The proposal is frequently made that the government ought to assume the risks that are “too great for private industry.” [1]  This means that bureaucrats should be permitted to take risks with the taxpayers’ money that no one is willing to take with his own.

Such a policy would lead to evils of many different kinds. It would lead to favoritism: to the making of loans to friends, or in return for bribes. It would inevitably lead to scandals. It would lead to recriminations whenever the taxpayers’ money was thrown away on enterprises that failed. . . .

But we shall pass over all these evils for the moment, and concentrate on just one consequence of loans of this type. This is that they will waste capital and reduce production. They will throw the available capital into bad or at least dubious projects. They will throw it into the hands of persons who are less competent or less trustworthy than those who otherwise would have got it. For the amount of real capital at any moment (as distinguished from monetary tokens run off on a printing press) is limited. What is put into the hands of B cannot be put into the hands of A. . . .

[Private investors] may sometimes make mistakes. But for several reasons they are likely to make fewer mistakes than government lenders. In the first place, the money is either their own or has been voluntarily entrusted to them. In the case of government-lending the money is that of other people, and it has been taken from them, regardless of their personal wish, in taxes. The private money will be invested only where repayment with interest or profit is definitely expected. This is a sign that the persons to whom the money has been lent will be expected to produce things for the market that people actually want. The government money, on the other hand, is likely to be lent for some vague general purpose like “creating employment” [2]; and the more inefficient the work — that is, the greater the volume of employment it requires in relation to the value of the product — the more highly thought of the investment is likely to be.

[1] Such as investments in the ”clean tech industries of the future” are often said to be.

[2] Creating “green jobs,” in today’s parlance.

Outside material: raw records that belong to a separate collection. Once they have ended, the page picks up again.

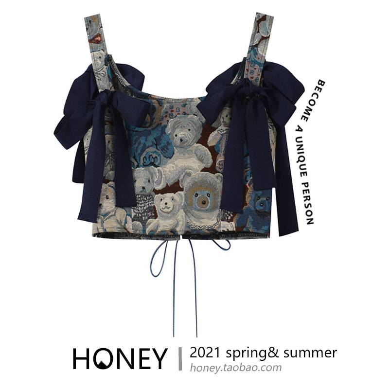 SHIYIYUE【古典小熊】提花吊带背心女夏季蝴蝶结系带外穿短款上衣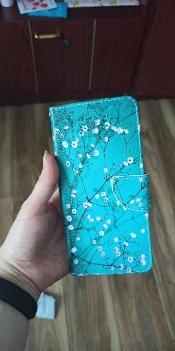 Подобный чехол заказываю не в первый раз,именно этот слишком широкий,верхняя часть чехла "ездит" по экрану телефона в руке,резинка держит телефон не плотно,а слегка за края,второй такой брать не буду.Магнитик на хлястике хороший,все отверстия под кнопки на месте,внешний вид соответствует картинке.С продавцом не общалась.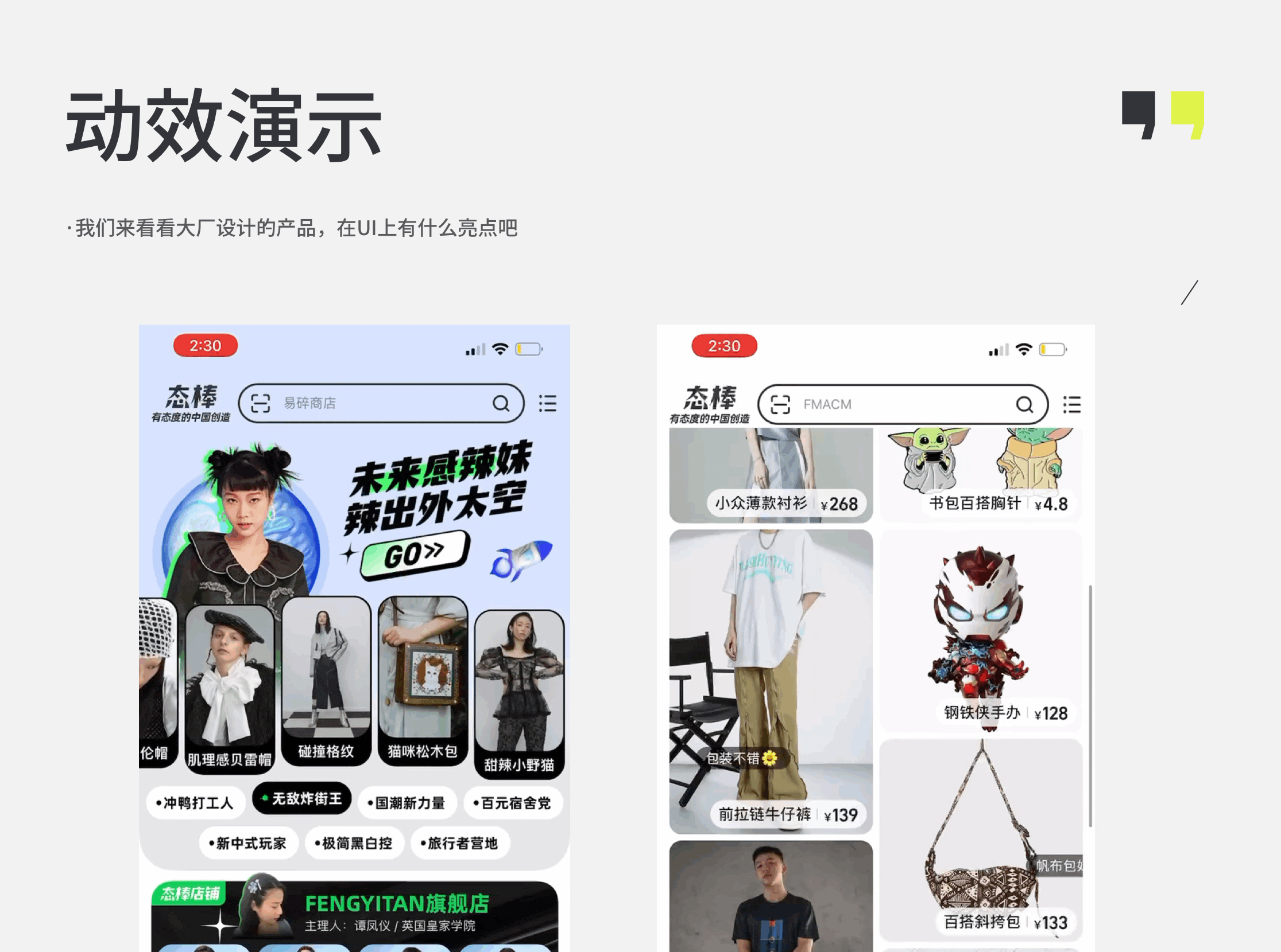 这款产品我第一眼看到的时候也觉得挺好玩的。这里面的一些元素也非常潮流和个性,例如低饱和度渐变的背景、带有质感的背景、镭射元素、粗字体、波点、毛玻璃等等。还有意思的地方就在于首页的标签图片采用了波浪形滚动的动效,在其他产品中可能都没有见过。一个主题切换到另一个主题又采用了翻转的动效,甚至底部的商品封面上就有自带弹幕的滚动,tab切换选中的样式用了一个类似笔绘的线条,这些设计样式都比较新颖,大胆。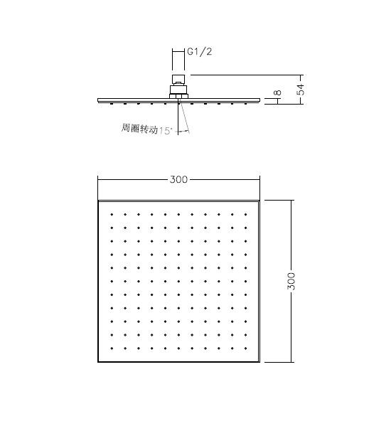 ● 方正大气,时尚个性 ● 优选黄铜材质,坚固耐用质感更佳 ● 连接头内置球形调节器,顶洒可周圈转动15度,可适当调整出水角度 ● 多重电镀,表面光滑平整耐腐耐磨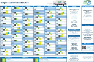 Alle Abfuhrtermine für das gesamte Jahr 2025 sind schon jetzt online unter www.evs.de/abfuhrtermine sowie in der EVS Abfall-App verfügbar, die kostenfrei in den App-Stores heruntergeladen werden kann. Alle Änderungen sowie Feiertagsverschiebungen sind bereits in den hier veröffentlichten Kalendern berücksichtigt.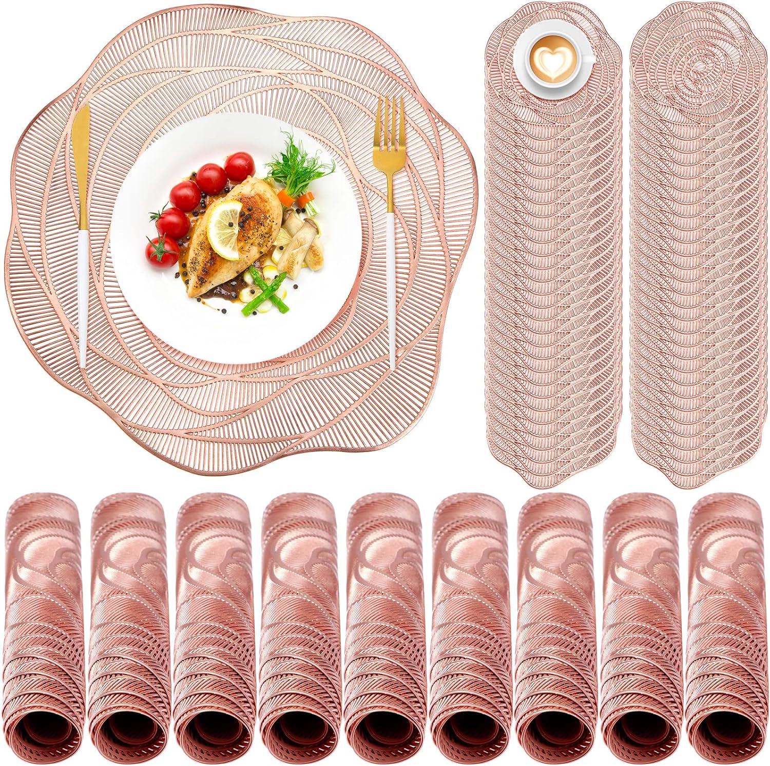 Sieral 48 Set 15 Inch Round Pressed Vinyl Placemats Hollow Out Rose Placemat Set Metallic Slip Resistant Place Mat Coaster Including Place Mats and Coasters for Wedding Dining Kitchen (Rose Gold)

Charlie Peters April 7, 2012 at 5:12 am

Friday, April 6, 2012
Tracy Renee
Gene’s Auto Repair
TracyReneeT@aol.com
(707) 642-1900 / 645-1900 (Fax)

RE: NO on AB 523 Valadao unless amended to support a waiver.

Good morning Tracy,

Federal ethanol policy increases Government motors oil use and Big oil profit.

It is reported that today California is using Brazil sugar cane ethanol at $0.16 per gal ($8billion for Big oil) increase over using GMO corn fuel ethanol. In this game the cars and trucks get to pay and Big oil profits are the result, that may be ready for change.

Folks that pay more at the pump for less from Cars, trucks, food, water & air need better, it is time.

The car tax of AB 118 Nunez is just a simple Big oil welfare program, AAA questioned the policy and some folks still agree.

AB 523 is just a short put (waiver) from better results.

Thank you for your life time service.

Clean Air Performance Professionals (CAPP) / An award winning coalition.

Charlie Peters
cc: interested parties

Kianna Bogard April 24, 2012 at 8:26 am

Appreciate you sharing, great article post.Really looking forward to read more. Awesome.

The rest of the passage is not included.